Tagged releases publish macOS bundles plus Linux CPU, Linux ARM64 CPU, Linux
ARM64 CUDA, Linux CUDA, Linux CUDA Blackwell, Linux ROCm, Linux Vulkan, Windows
CPU, Windows CUDA, Windows ROCm, and Windows Vulkan bundles. Metal is
macOS-only. The Linux ARM64 CPU artifact is
mesh-llm-aarch64-unknown-linux-gnu.tar.gz; the Linux ARM64 CUDA artifact is
mesh-llm-aarch64-unknown-linux-gnu-cuda.tar.gz. In install and release
contexts, arm64 and aarch64 mean the same 64-bit ARM target.

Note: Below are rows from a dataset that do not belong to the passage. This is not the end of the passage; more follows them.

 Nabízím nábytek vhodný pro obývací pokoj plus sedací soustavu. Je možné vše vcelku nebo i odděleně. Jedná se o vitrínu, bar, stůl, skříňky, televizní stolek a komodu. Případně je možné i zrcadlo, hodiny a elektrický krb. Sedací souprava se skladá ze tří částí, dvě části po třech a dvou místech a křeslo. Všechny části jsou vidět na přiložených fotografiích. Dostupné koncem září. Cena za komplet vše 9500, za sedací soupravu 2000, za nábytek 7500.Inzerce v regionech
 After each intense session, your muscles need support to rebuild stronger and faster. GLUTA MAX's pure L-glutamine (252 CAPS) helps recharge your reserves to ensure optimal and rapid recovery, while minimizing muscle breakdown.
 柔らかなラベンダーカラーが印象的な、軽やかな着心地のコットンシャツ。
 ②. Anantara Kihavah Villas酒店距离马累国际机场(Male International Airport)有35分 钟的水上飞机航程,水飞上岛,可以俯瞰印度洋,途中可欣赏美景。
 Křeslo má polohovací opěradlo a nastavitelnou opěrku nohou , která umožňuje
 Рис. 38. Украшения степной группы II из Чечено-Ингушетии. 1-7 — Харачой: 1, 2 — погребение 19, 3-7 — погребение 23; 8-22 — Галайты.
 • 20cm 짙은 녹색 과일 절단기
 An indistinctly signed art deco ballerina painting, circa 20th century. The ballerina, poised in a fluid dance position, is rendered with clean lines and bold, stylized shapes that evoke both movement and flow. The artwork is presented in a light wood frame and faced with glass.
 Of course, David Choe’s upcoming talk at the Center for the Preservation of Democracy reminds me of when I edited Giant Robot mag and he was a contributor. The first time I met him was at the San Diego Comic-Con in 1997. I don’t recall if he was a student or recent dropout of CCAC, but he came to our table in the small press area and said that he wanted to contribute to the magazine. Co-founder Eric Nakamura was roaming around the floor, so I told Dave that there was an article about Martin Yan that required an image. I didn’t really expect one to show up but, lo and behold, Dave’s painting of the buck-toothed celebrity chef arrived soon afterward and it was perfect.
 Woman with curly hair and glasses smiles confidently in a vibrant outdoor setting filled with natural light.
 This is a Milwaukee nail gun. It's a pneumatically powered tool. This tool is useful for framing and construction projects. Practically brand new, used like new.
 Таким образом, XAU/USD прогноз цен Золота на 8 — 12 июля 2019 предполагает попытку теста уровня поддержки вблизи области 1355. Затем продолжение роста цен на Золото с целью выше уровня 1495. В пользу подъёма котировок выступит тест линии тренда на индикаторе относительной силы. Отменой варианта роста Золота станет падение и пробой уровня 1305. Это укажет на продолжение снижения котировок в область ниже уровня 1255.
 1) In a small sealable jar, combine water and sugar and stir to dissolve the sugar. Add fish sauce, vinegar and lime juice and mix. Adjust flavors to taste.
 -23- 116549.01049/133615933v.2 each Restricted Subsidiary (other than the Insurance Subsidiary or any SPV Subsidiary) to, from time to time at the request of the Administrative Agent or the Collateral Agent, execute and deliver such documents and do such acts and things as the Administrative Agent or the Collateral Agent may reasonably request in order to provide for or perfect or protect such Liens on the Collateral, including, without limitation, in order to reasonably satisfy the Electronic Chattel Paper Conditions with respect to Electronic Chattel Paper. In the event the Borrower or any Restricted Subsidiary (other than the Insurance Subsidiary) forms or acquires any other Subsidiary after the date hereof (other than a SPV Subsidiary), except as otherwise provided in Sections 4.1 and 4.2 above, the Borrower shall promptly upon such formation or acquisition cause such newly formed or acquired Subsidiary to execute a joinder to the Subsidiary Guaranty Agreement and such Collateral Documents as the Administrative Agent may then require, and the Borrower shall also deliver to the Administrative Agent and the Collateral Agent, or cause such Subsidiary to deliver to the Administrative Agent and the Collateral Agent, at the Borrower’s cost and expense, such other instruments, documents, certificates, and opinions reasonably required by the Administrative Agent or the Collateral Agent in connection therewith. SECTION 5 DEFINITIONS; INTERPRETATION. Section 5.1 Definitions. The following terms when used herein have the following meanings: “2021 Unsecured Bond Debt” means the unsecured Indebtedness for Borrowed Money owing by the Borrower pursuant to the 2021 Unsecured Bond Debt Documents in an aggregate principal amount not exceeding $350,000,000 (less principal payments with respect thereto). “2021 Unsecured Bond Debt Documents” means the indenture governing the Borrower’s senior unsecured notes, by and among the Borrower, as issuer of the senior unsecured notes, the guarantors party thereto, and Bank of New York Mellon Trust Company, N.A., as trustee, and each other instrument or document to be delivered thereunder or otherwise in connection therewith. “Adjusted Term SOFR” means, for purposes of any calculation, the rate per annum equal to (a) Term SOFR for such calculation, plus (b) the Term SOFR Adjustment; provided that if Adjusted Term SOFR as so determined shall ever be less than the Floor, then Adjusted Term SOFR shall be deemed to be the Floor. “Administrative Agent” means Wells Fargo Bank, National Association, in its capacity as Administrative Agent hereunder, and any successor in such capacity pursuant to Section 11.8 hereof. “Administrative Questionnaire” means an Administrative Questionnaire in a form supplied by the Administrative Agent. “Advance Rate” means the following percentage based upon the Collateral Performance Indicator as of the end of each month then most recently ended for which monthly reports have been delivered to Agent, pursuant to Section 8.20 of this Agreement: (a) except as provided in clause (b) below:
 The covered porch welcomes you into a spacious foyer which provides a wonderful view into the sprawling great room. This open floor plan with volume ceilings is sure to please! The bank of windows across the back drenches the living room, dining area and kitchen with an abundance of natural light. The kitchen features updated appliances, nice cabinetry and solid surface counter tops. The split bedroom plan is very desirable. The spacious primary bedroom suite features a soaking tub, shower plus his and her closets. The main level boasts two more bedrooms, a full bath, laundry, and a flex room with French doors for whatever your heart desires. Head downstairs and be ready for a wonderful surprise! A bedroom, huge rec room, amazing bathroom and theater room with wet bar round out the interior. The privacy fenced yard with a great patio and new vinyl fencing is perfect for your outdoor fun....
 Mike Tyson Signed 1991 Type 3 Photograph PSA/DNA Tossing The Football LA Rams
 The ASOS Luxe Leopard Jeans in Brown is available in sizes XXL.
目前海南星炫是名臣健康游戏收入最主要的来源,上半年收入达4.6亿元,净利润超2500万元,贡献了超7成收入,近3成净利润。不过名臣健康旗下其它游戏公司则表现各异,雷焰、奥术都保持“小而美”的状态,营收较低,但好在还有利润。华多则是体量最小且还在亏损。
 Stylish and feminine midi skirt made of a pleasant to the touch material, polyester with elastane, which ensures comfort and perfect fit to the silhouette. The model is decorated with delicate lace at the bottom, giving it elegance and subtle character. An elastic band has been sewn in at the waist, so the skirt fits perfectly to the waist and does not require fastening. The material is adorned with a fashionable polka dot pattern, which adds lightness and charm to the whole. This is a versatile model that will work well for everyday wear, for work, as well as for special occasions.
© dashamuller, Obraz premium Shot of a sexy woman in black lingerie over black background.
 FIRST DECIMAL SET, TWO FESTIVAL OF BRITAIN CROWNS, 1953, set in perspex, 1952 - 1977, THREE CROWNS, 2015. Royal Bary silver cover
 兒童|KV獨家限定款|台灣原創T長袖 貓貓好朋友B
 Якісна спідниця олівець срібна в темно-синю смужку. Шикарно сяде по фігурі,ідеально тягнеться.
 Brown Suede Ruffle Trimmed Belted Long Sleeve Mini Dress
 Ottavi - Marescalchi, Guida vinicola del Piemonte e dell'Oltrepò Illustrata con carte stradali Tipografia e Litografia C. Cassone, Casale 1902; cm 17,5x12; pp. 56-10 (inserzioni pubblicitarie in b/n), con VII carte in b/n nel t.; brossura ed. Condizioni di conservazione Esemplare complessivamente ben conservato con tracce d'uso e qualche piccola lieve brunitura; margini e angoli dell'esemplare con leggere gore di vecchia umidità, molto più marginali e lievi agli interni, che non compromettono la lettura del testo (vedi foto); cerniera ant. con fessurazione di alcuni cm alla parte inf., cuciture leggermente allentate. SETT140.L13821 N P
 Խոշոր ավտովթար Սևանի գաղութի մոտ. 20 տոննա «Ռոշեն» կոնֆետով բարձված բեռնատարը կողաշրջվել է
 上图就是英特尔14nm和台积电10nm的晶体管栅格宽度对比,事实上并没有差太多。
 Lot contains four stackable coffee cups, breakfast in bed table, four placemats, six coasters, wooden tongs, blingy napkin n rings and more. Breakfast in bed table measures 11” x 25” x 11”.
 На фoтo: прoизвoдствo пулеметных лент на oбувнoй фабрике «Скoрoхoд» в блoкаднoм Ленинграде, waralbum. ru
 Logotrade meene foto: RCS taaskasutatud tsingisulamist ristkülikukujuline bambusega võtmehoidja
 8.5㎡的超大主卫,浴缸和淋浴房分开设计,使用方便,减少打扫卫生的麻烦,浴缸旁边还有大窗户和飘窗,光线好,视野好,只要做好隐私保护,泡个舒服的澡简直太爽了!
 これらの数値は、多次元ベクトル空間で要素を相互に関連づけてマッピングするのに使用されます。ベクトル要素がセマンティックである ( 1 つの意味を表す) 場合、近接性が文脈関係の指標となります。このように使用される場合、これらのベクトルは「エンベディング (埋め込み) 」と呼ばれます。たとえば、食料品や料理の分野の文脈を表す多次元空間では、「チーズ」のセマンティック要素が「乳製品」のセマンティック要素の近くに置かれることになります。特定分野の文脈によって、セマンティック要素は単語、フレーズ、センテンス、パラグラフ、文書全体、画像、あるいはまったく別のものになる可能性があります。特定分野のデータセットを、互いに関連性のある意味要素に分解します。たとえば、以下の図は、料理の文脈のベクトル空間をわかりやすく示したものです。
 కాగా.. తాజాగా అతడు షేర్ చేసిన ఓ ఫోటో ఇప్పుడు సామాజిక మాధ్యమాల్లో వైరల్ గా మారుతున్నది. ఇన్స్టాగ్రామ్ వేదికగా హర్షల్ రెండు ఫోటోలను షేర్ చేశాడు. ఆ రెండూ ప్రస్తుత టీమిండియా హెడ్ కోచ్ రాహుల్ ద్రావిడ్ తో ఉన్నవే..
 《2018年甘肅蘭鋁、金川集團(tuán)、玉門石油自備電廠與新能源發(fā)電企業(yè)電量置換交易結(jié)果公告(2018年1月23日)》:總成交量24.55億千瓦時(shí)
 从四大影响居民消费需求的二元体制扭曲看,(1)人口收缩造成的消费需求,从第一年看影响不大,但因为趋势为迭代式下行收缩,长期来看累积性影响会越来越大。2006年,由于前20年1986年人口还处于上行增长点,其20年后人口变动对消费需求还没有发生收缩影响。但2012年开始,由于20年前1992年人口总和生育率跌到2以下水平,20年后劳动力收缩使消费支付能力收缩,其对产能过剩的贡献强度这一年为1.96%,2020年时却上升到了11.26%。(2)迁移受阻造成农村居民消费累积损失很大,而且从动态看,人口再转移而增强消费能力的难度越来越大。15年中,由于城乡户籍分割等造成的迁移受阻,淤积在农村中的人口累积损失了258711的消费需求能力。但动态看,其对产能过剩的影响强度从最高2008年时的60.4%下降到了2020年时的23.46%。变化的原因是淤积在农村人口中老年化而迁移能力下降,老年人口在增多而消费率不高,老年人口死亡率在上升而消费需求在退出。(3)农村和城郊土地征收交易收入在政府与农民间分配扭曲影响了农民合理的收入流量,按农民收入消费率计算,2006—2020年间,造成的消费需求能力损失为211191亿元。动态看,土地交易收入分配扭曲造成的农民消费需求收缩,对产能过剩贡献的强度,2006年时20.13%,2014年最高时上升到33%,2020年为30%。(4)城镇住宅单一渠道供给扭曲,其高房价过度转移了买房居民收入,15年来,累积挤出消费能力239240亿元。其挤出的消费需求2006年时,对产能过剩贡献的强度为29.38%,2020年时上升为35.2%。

Build from source with just:
git clone https://github.com/Mesh-LLM/mesh-llm
cd mesh-llm
just buildSource builds require just, cmake, Rust, and Node.js 24 + npm. CUDA builds
need nvcc, ROCm builds need ROCm/HIP, and Vulkan builds need Vulkan dev files
plus glslc.
The shipped mesh-llm executable uses embedded release attestation for
provenance and admission hardening only. It does not apply to SDK, XCFramework,
or other native artifacts, and it is not a runtime integrity proof. Verify a
stamped packaged executable with cargo run -p xtask -- release-attestation inspect --binary <path-to-packaged-mesh-llm> --public-key-file <release-signing-public-key.json>.
A packaged release binary reports valid, an unstamped local or dev build
reports missing, and a binary that changed after packaging reports invalid.
Bare inspect --binary ... is only enough to classify an unstamped binary as
missing; stamped binaries require --public-key-file and otherwise report
invalid with an explicit error. Post-download mutation can flip a stamped
binary to invalid, but default startup still allows it.
| Doc | Use it for |
|---|---|
| docs/MESHES.md | Private meshes, public discovery, publishing, invite tokens, API-only clients |
| docs/SKIPPY_SPLITS.md | Running big models with package-backed Skippy stage splits |
| docs/LAYER_PACKAGE_REPOS.md | Contributing and publishing layer package repositories |
| docs/AGENTS.md | Goose, Claude Code, OpenCode, Pi, curl, and blackboard |
| docs/EXO_COMPARISON.md | Balanced comparison with Exo |
| docs/CLI.md | Command reference and JSON automation |
| docs/USAGE.md | Longer operational usage guide, runtime control, owner-control operator flows |
| docs/design/TESTING.md | Testing playbook, mixed-version QA, remote deploy checks |
| docs/plugins/flash-moe.md | Optional Flash-MoE SSD expert streaming backend setup |
| docs/skippy/FAMILY_STATUS.md | Certified Skippy model-family status |
| docs/specs/layer-package-repos.md | Manifest and artifact format spec |
Mesh LLM is experimental distributed-systems software. When you report bugs,
include the command you ran, platform/backend flavor, /api/status output if
available, and whether the node was private, published, or joined with --auto.